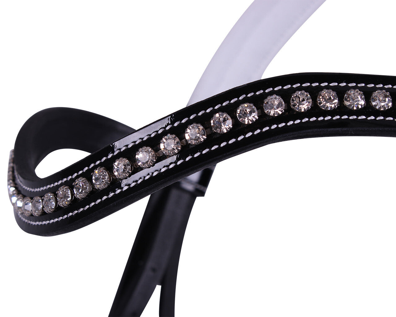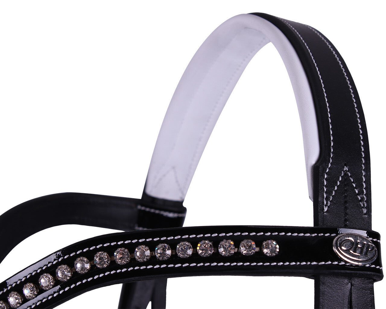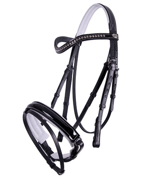 The finishing with white stitching and the corresponding white leather padding give this bridle a striking black/white colour scheme. The brow band is finished with large rhinestones. The bridle has hook studs on the cheek pieces and a patent leather noseband.
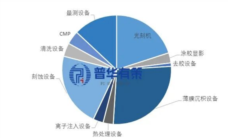图:半导体设备各环节规模占比(%);普华有策
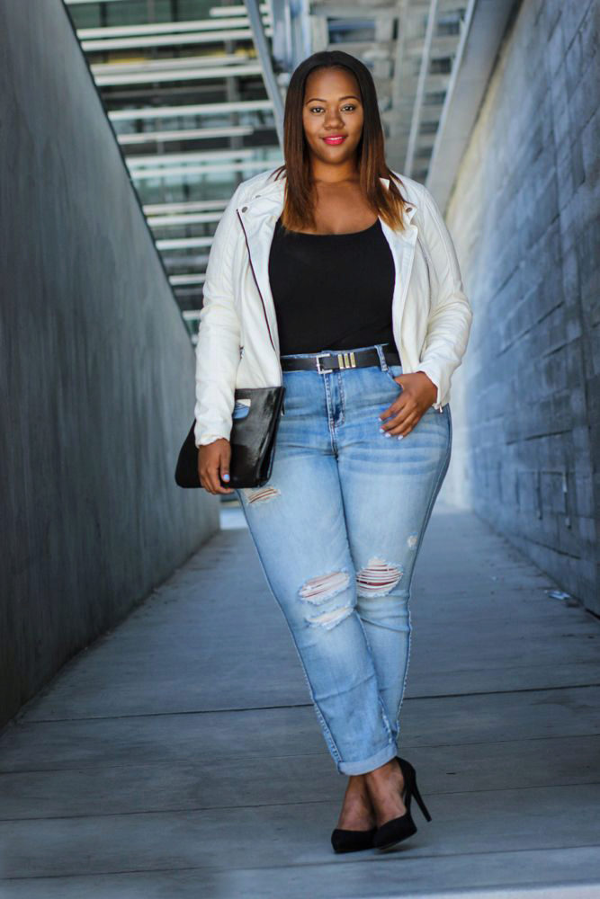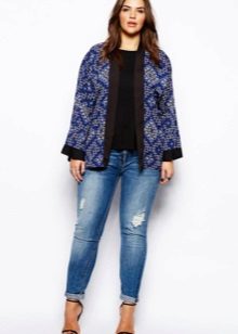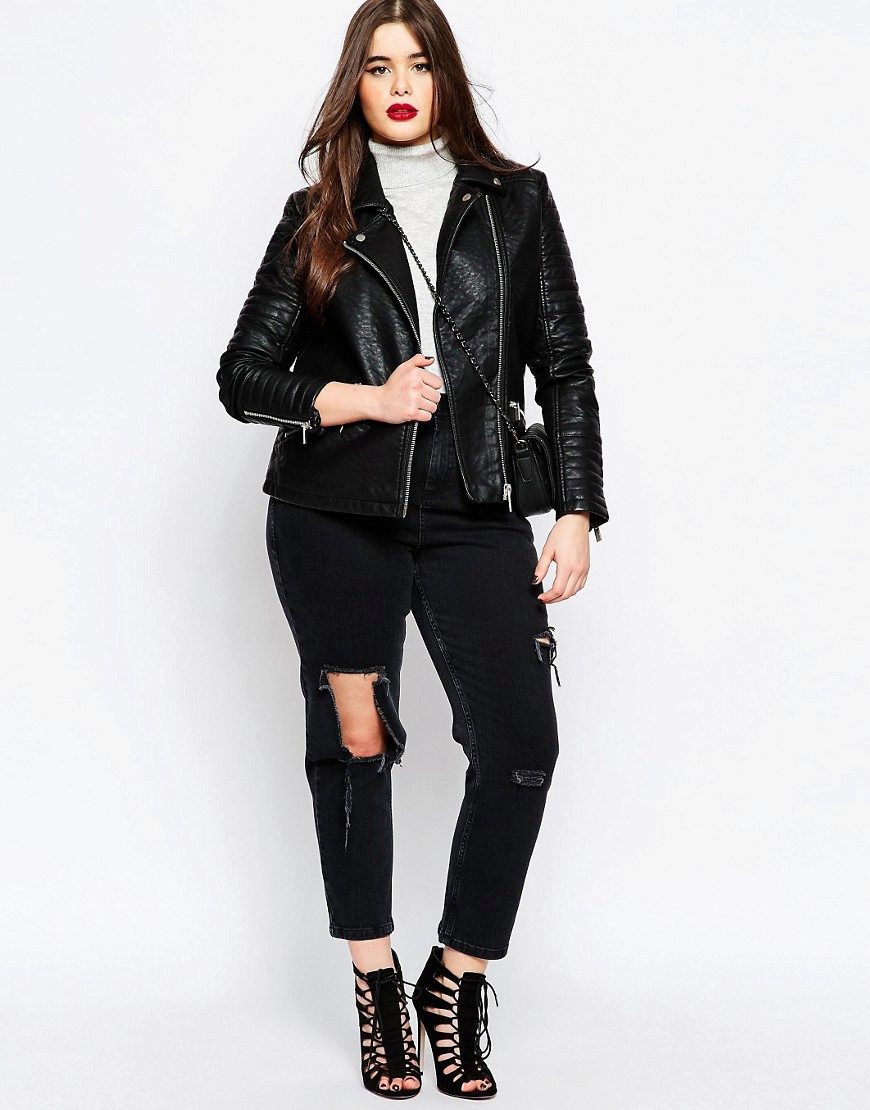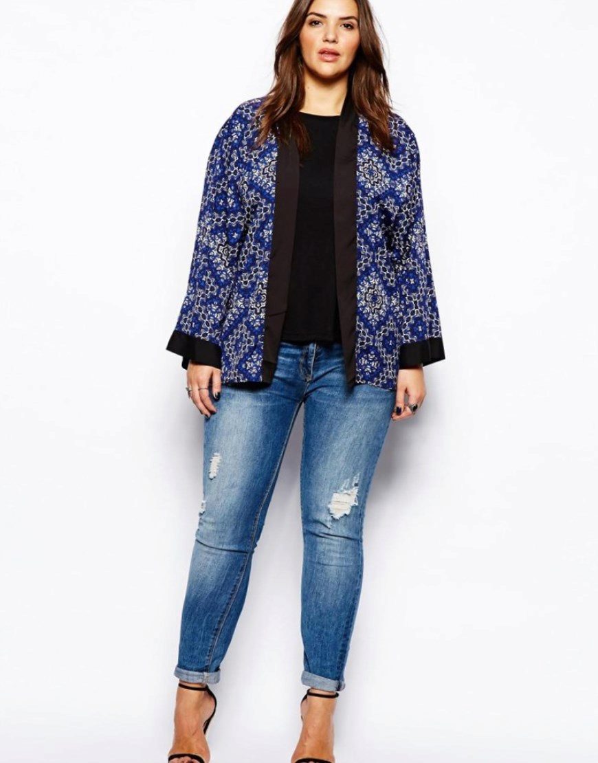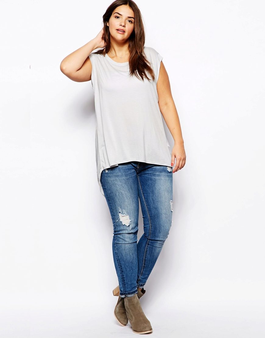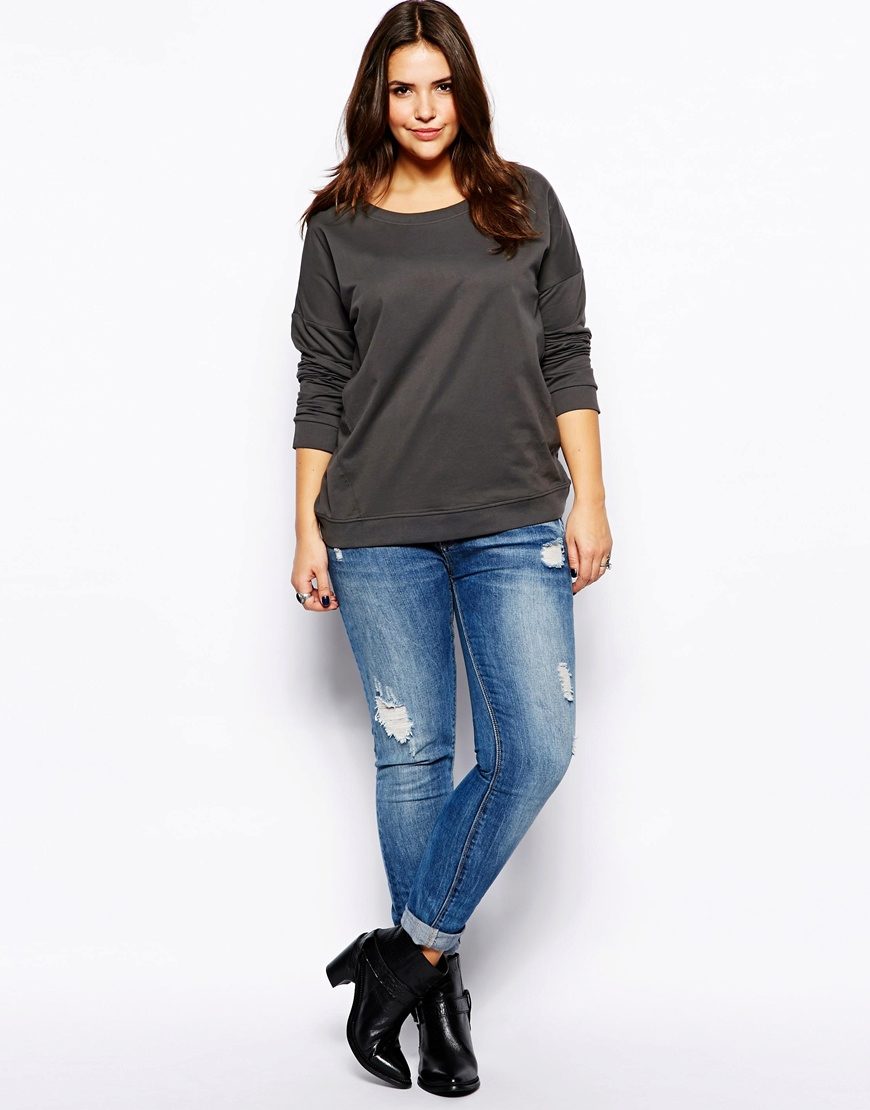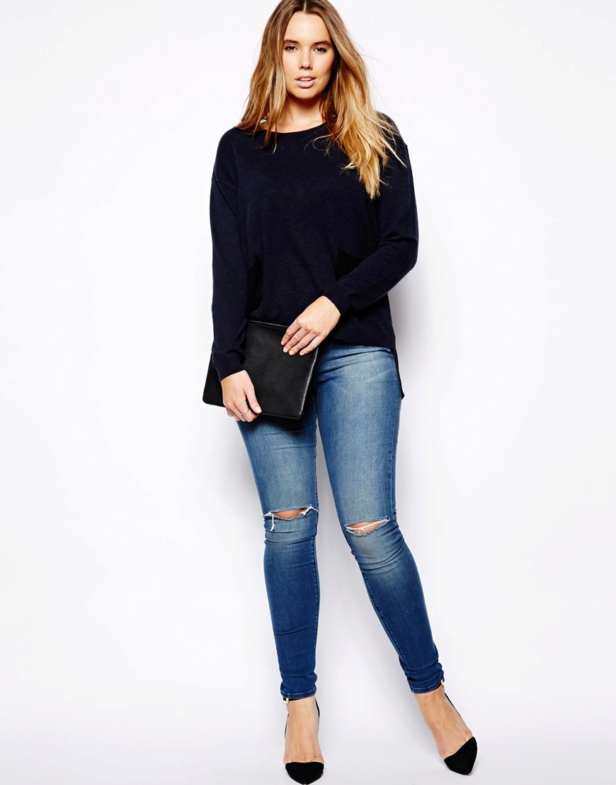 Every plump girl who wants to look stylish and fashionable should have ripped jeans in her wardrobe. They look very nice with leather jackets, pullovers or sweatshirts, long tops and T-shirts, as well as long jackets.

## EXERCISE PROMPT
What you return should be the whole listing, word for word, without its pictures.

## YOUR SOLUTION
 The finishing with white stitching and the corresponding white leather padding give this bridle a striking black/white colour scheme. The brow band is finished with large rhinestones. The bridle has hook studs on the cheek pieces and a patent leather noseband.
图:半导体设备各环节规模占比(%);普华有策
 Every plump girl who wants to look stylish and fashionable should have ripped jeans in her wardrobe. They look very nice with leather jackets, pullovers or sweatshirts, long tops and T-shirts, as well as long jackets.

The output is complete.